Kenapa Barat Vokal Kecam Rusia Invasi Ukraina Tapi Lemah ke Israel?
Sejak Presiden Rusia, Vladimir Putin, memutuskan menyerang Ukraina pada 24 Februari lalu, sejumlah negara berbondong-bondong mengecam tindakan Putin. Tak hanya itu, deretan sanksi ekonomi juga dijatuhkan negara dunia demi mengatasi invasi Rusia.
Namun, sejumlah pihak mempertanyakan bahwa tindakan dunia terhadap Rusia dilakukan dengan standar ganda,' mengingat konflik bersenjata tak hanya terjadi di Rusia. Seorang jurnalis, Ahmed Twaij, menyinggung sikap AS dan negara-negara Barat yang tidak vokal bahkan lemah ketika menyangkut konflik Israel dan Palestina serta konflik di luar Eropa dalam tulisannya di NBC News.
Ia memberikan contoh kasus koresponden CBS News, Charlie D'Agata.
D'Agata dalam laporannya di Kyiv sempat mengatakan, "Ini bukan tempat, dengan segala hormat, seperti Irak atau Afghanistan, yang telah merasakan konflik dalam beberapa dekade," dikutip dari NBC News.
"Anda tahu, di sini kehidupan beradab, kebanyakan warga Eropa, saya harus memilih kata-kata itu dengan hati-hati, kota di mana Anda tidak berpikir atau berharap ini (perang) akan terjadi," kata D'Agata lagi.

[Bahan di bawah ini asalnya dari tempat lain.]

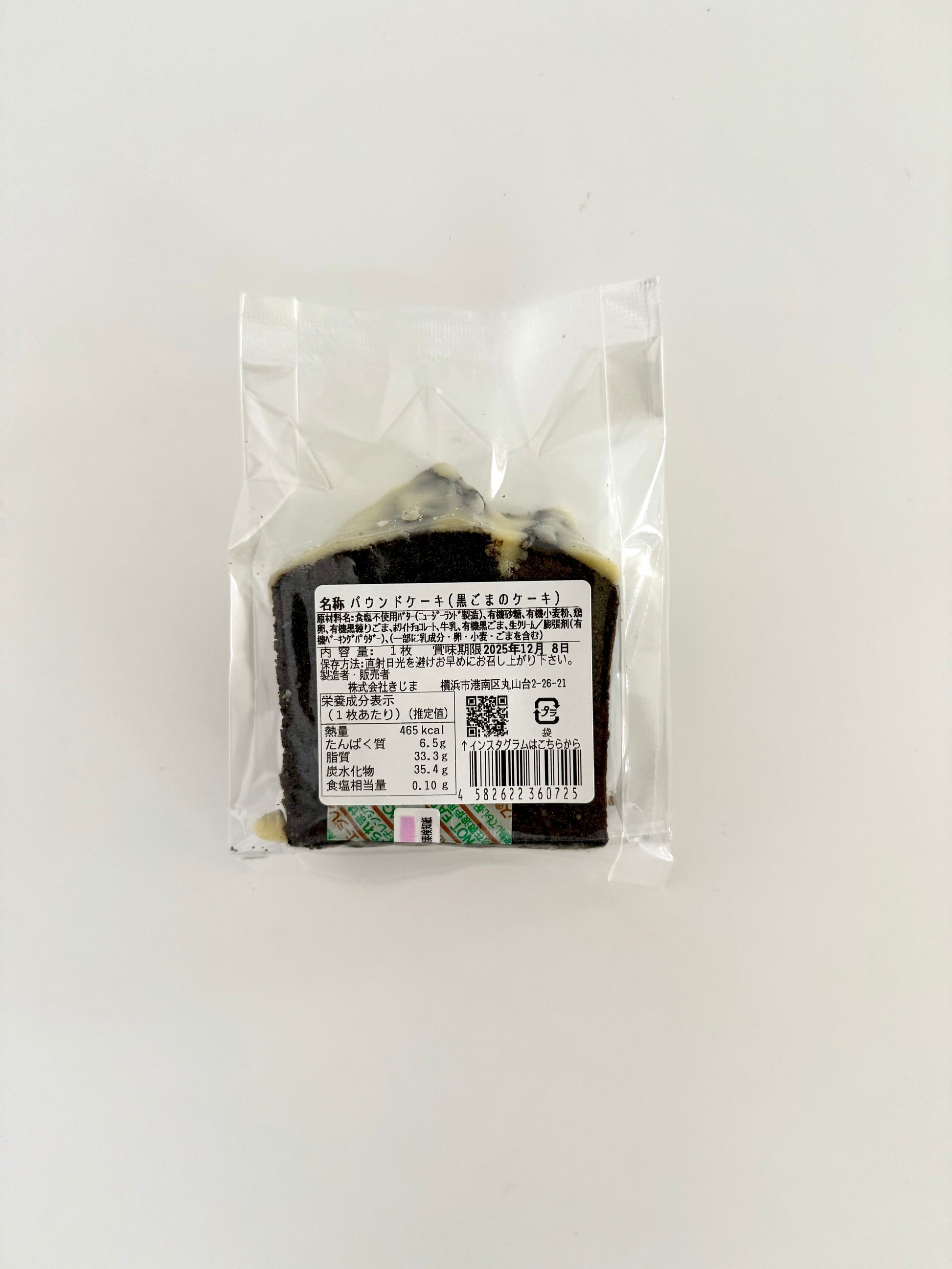 無塩バター、有機砂糖、有機小麦粉、平飼い有精卵、有機黒練りごま、ホワイトチョコレート、牛乳、有機黒ごま、生クリーム、有機ベーキングパウダー(一部に 小麦・卵・乳成分を含む)

Komentar ini membuat D'Agata diserang di media sosial. Tak hanya itu, Twaij menilai peristiwa ini menunjukkan bahwa dunia Barat lebih menghargai kehidupan masyarakat berkulit putih dibandingkan yang tewas di luar Eropa.
"Saya setuju bahwa Kyiv bukanlah kota yang saya 'harapkan' akan terjadi kekerasan, tetapi bukan juga Baghdad, Kabul, atau kota lain. Standar ganda ini menggelikan," tulis Twaij.

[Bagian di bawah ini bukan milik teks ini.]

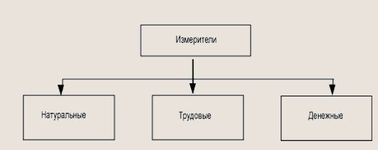 Учет ведется ежедневно не только в масштабах государства, но и на каждом предприятии, в каждом его подразделении, даже в каждой семье. И если учет - это, прежде всего, регистрация фактов и событий, то оценка этих фактов подразумевает их количественное и качественное измерение. Для этого в учете используют несколько видов измерителей: натуральные, трудовые и денежные (рис. 1.1).

Bila dilihat dari sisi hubungan politik luar negeri, Pengamat Hubungan Internasional dari Universitas Prof. Dr. Moestopo, Fadra, mengakui standar ganda ini tampal dilakukan beberapa negara-negara Barat, salah satunya Amerika Serikat.

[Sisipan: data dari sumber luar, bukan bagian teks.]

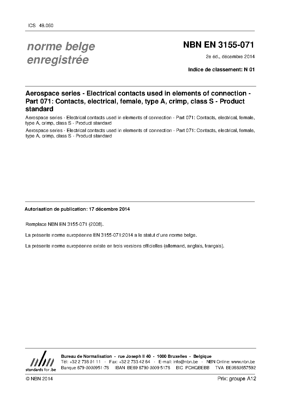 | Publisher | Bureau de Normalisation Belge (NBN) |

"Kalau yang saya amati bahwa betul ya, karena kalau kita melihat dari 1991, ketika Soviet pecah, kemudian permasalahan di Irak, Arab Spring, dan sebagainya, sampai konflik Arab-Israel yang sudah bertahun-tahun, internasional tidak ada suaranya," ujar Fadra saat dihubungi CNNIndonesia.com, Selasa (9/3).
Lihat Juga : |
"Sedangkan ketika Rusia menginvasi Ukraina, ini responsnya sangat cepat dan sangat tinggi. Bahkan tidak melihat kenapa sebenarnya Rusia menginvasi Ukraina. Terlihat sekali bahwa ini ada sebuah gerakan gotong royong di internasional yang memang kontra dengan agresi Rusia ke Ukraina," lanjutnya.
Fadra menilai, standar ganda ini dipengaruhi oleh Amerika Serikat, yang diketahui memegang peranan penting di Eropa kala Perang Dunia II selesai.
"Pada 1948 kita ingat, Eropa itu berutang banyak ekonomi ke Amerika Serikat. Ketika Eropa setelah masa Perang Dunia II, runtuh ekonomi dan politiknya di tahun itu. Sehingga sampai hari ini, banyak keputusan dan kebijakan Amerika Serikat itu sangat didukung oleh negara-negara di Eropa."